# Black streaks



## sixshootertexan (Nov 27, 2006)

Ok when we got our trailer one of the trailer prep guys told me what to use to get the black streaks off the trailer, but I can't remember what it was. I think it was acetone. Anybody know what is good to use?


----------



## Hookem-Guy81 (Apr 3, 2013)

Whoa on the acetone. I am not joking when I say we used "Black Streak Remover". I don't have any black streaks right now anywhere because I keep my camper in closed storage and haul it to and from when camping. I have used the Black Streak Remover on my RVs outside Fiberglass skin, and on Aluminum outside skin on the Horse Trailer, and on other things around the house. Now on a RV rubber roof I use Dicor cleaner and Dicor conditioner and only Dicor! I do it every 6 months and my roof is cleaner than the day I got it put on. Also, the outside skin on RVs and around Windows and doors where there is rubber and caulk just need a good mild cleaner after removing black streaks and also the fiberglass needs to be buffed and lightly waxed yearly to keep it from fading. Acetone would damage your paint and some of the caulk and rubber etc. I can't remember who makes "Black Streak Remover", but most RV parts stores sell it.


----------



## sixshootertexan (Nov 27, 2006)

I tried the Camco brand and it did not work.


----------



## StinkBait (May 31, 2004)

Try Totally Awesome or Simple Green. Be careful with the Awesome, it is strong stuff.
Check out www.rv.net tons of posts on cleaners

http://www.rv.net/forum/index.cfm/fuseaction/thread/tid/23943127/print/true.cfm


----------



## cobrayakker (Mar 23, 2006)

U40. Can be used for everything on your Rv. Dealer gave some with Rv purchase. Most Rv suppliers have it.


----------



## Hookem-Guy81 (Apr 3, 2013)

Thetford Black Streak Remover. Can get at Camping World or other RV Parts stores.


----------



## lx22f/c (Jun 19, 2009)

Grinder..... Lol
Jk x2 on L A Awesome you can get it at the dollar store. 
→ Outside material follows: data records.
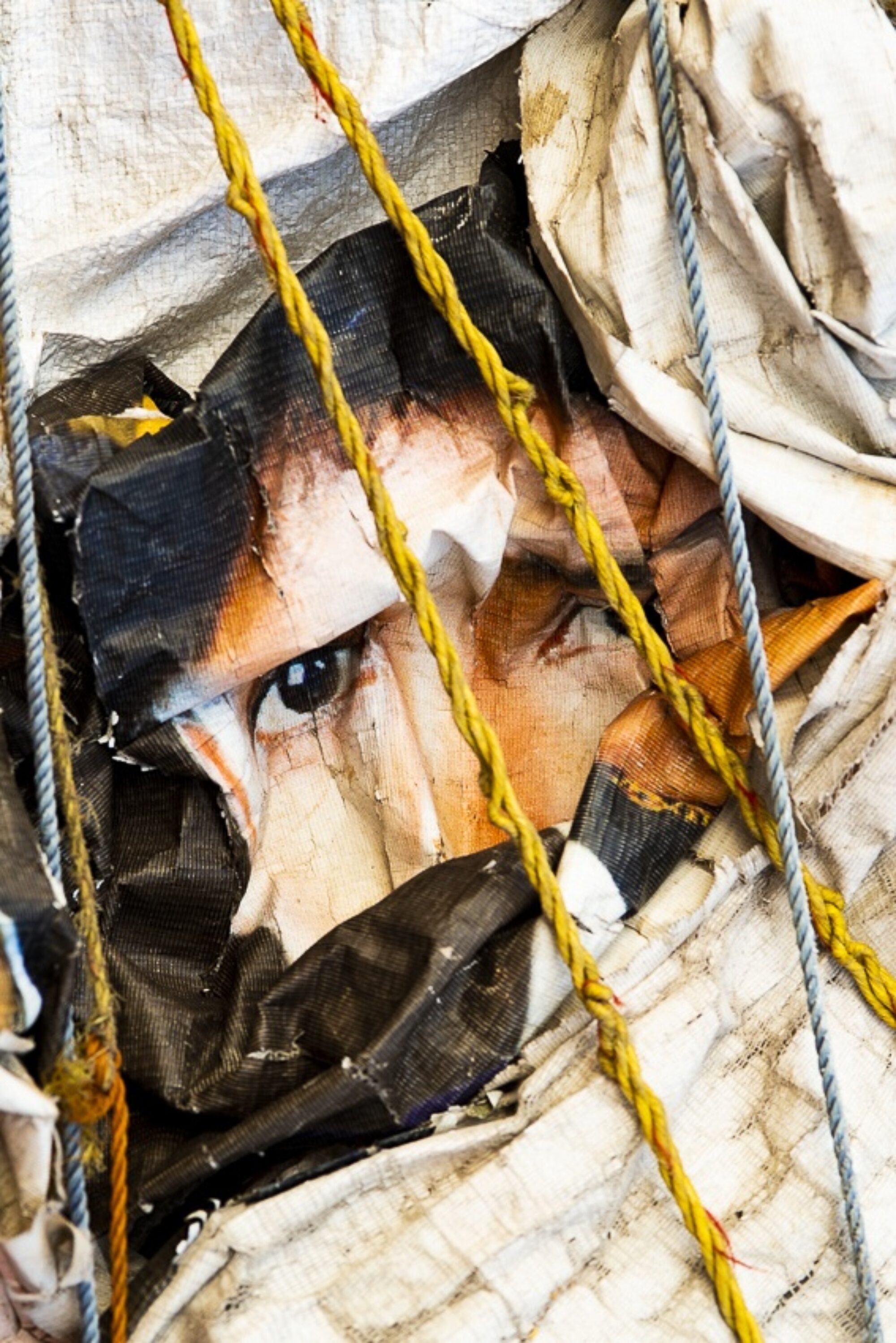 La série d’images proposée par Catherine Leutenegger est issue d’une résidence d’artiste dans la mégapole de Chennai, en Inde. Sur place, elle a photographié la deuxième vie de bâches, affiches et peintures murales, réalisées et présentées dans l’espace public : des affiches de personnes célèbres – acteur·trice·s, politicien·ne·s – ou d’inconnu·e·s – anniversaires, commémorations, campagnes publicitaires. Générant un brouhaha visuel dans lequel plusieurs univers fusionnent et se confondent, ces images se retrouvent ensuite sur les plages, pour recouvrir le matériel des pêcheurs et des petits commerçants. Réutilisées à d’autres fins, les images préalablement bidimensionnelles se muent en monticules sculpturaux tridimensionnels qui déforment les visages et petit à petit se déchirent, se délavent et disparaissent, évoquant de manière métaphorique la fragilité de l’image et celle de l’individu dans notre société actuelle.
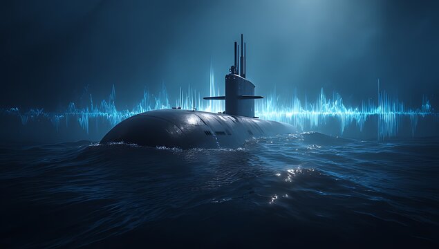 A submarine is sailing through dark waters with a sonar pulse behind it
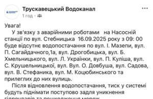 У місті Буськ 16 вересня 2025 року буде тимчасово припинено водопостачання.Буське ПВКГ повідомляє, що у вівторок, з 09:00 до 15:30, водопостачання буде відсутнє через...
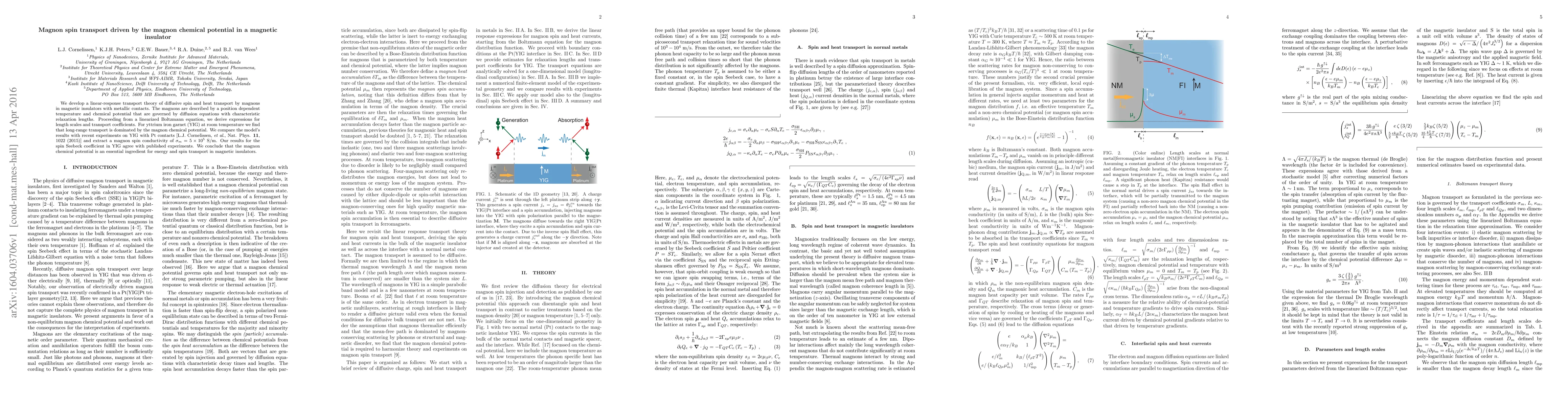 This paper develops a transport theory for magnons in magnetic insulators, showing that magnon chemical potential significantly influences long-range spin transport. The model's predictions for YIG, including magnon spin conductivity and spin Seebeck coefficient, align with experimental data, underscoring the importance of the magnon chemical potential in spin and heat transport.

Cast your burden on the Lord, and He shall sustain You;


----------



## sixshootertexan (Nov 27, 2006)

I got Simple Green so I'll give that a try. If it doesn't work Dollar General is on the corner, I'll see if they have the TA.


----------



## glampers (May 29, 2013)

Hookem-Guy81 said:


> Whoa on the acetone. I am not joking when I say we used "Black Streak Remover". I don't have any black streaks right now anywhere because I keep my camper in closed storage and haul it to and from when camping. I have used the Black Streak Remover on my RVs outside Fiberglass skin, and on Aluminum outside skin on the Horse Trailer, and on other things around the house. Now on a RV rubber roof I use Dicor cleaner and Dicor conditioner and only Dicor! I do it every 6 months and my roof is cleaner than the day I got it put on. Also, the outside skin on RVs and around Windows and doors where there is rubber and caulk just need a good mild cleaner after removing black streaks and also the fiberglass needs to be buffed and lightly waxed yearly to keep it from fading. Acetone would damage your paint and some of the caulk and rubber etc. I can't remember who makes "Black Streak Remover", but most RV parts stores sell it.


. listen to this guy.

Also the little gutters that run along the roof that drain the rain water and the ac water if you put a clothes pin at the end of the gutter drain it will make the water drip further away from the trailer so you don't get streaks there too.


----------



## easoutdoors (Jun 4, 2004)

*cleaner*

I used oxy clean and tide. Seemed to work


----------



## Thepartsguy50 (Jun 2, 2009)

i have some black streak remover here at work that i sell to remove the streaks that black bow rollers leave will that work?


----------



## wisslbritches (May 27, 2004)

lx22f/c said:


> Grinder..... Lol
> Jk x2 on L A Awesome you can get it at the dollar store.
> 
> Cast your burden on the Lord, and He shall sustain You;


x3 on the Awesome....or so I've been told by a few full time RV'rs. They said they get theirs at Dollar Tree.


----------